Submitted to: Trans American Geophysical Union
Publication Type: Abstract only
Publication Acceptance Date: 12/5/2005
Publication Date: 12/5/2005
Citation: Robichaud, P.R., Ellion, W.J, Pierson, F.B., Hall, D.E., and Moffet, C.A. 2005. Predicting Postfire Hillslope Erosion with a Web-Based Probabilistic Model. Eos Transactions of the American Geophysical Union, 86(52), Fall Meeting Supplement, Abstract H34C-06. (CD-ROM) Interpretive Summary:
Technical Abstract: Modeling erosion after major disturbances, such as wildfire, has major challenges that need to be overcome. Fire-induced changes include increased erosion due to loss of the protective litter and duff, loss of soil water storage, and in some cases, creation of water repellent soil conditions.
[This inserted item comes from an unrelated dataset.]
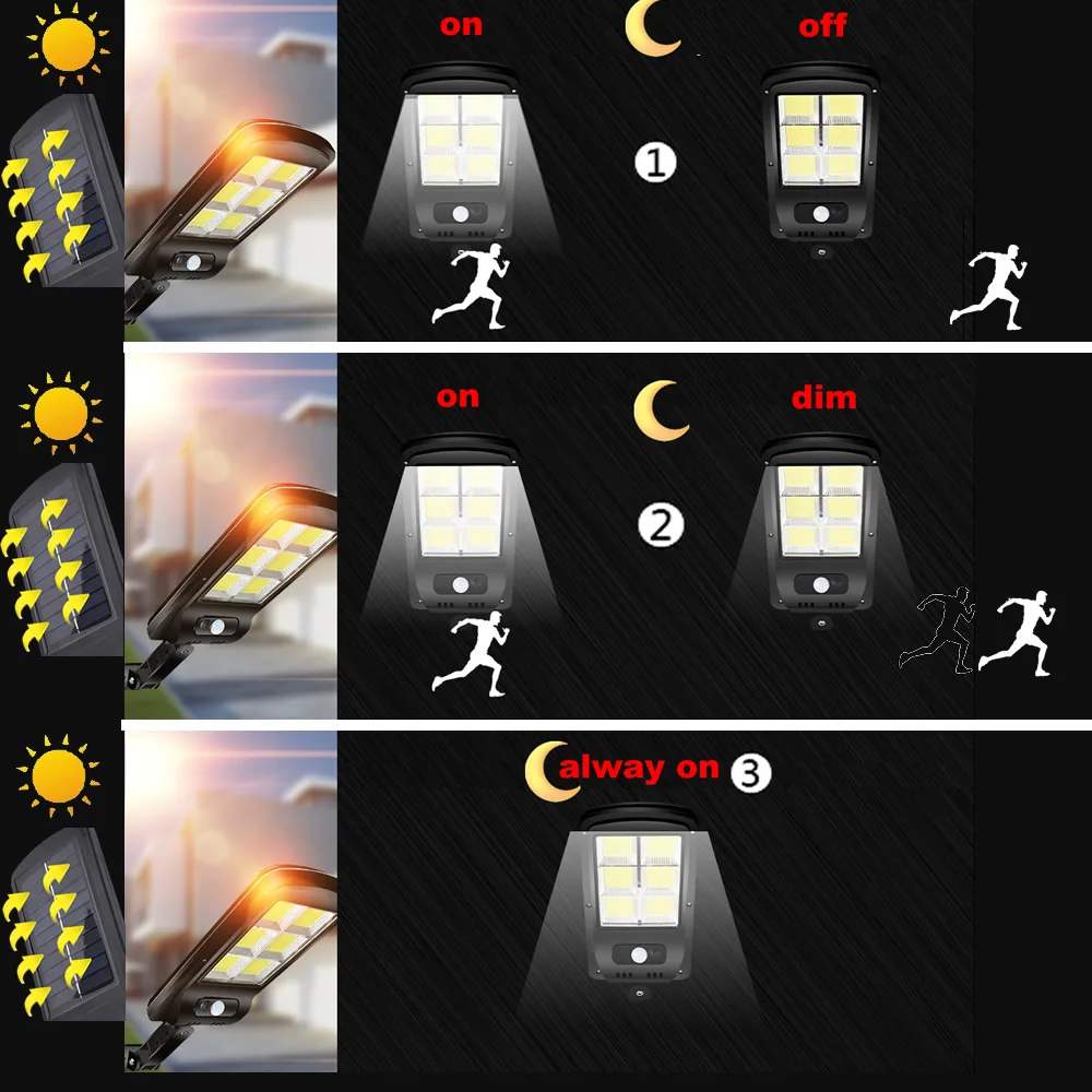Большой размер 120 COB светодиодный светильник на солнечных батареях, светильник на солнечных батареях, садовый светильник на солнечных батареях, настенный светильник с датчиком движения PIR, водонепроницаемый инфракрасный датчик, светильник, 3 режима работы, вращающийся кронштейн с пультом дистанционного управления, аккумулятор 2200MHA

These conditions increase the potential for flooding, and sedimentation, which are of special concern to people who live and manage resources in the areas adjacent to burned areas. A web-based Erosion Risk Management Tool (ERMiT) has been developed to predict surface erosion from postfire hillslopes and to evaluate the potential effectiveness of various erosion mitigation practices. The model uses a probabilistic approach that incorporates variability in weather, soil properties, and burn severity for forests, rangeland, and chaparral hillslopes. The Water Erosion Prediction Project (WEPP) is the erosion prediction engine used in a Monte Carlo simulation mode to provide event-based erosion rate probabilities. The one-page custom interface is targeted for hydrologists and soil scientists. The interface allows users to select climate, soil texture, burn severity, and hillslope topography. For a given hillslope, the model uses a single 100-year run to obtain weather variability and then twenty 5- to 10-year runs to incorporate soil property, cover, and spatial burn severity variability. The output, in both tabular and graphical form, relates the probability of soil erosion exceeding a given amount in each of the first five years following the fire. Event statistics are provided to show the magnitude and rainfall intensity of the storms used to predict erosion rates. ERMiT also allow users to compare the effects of various mitigation treatments (mulches, seeding, and barrier treatments such as contour-felled logs or straw wattles) on the erosion rate probability. Date form rainfall simulation and concentrated flow (rill) techniques were used to parameterize ERMiT for these varied conditions. Model validation efforts are ongoing at nine paired watershed sites around the western US.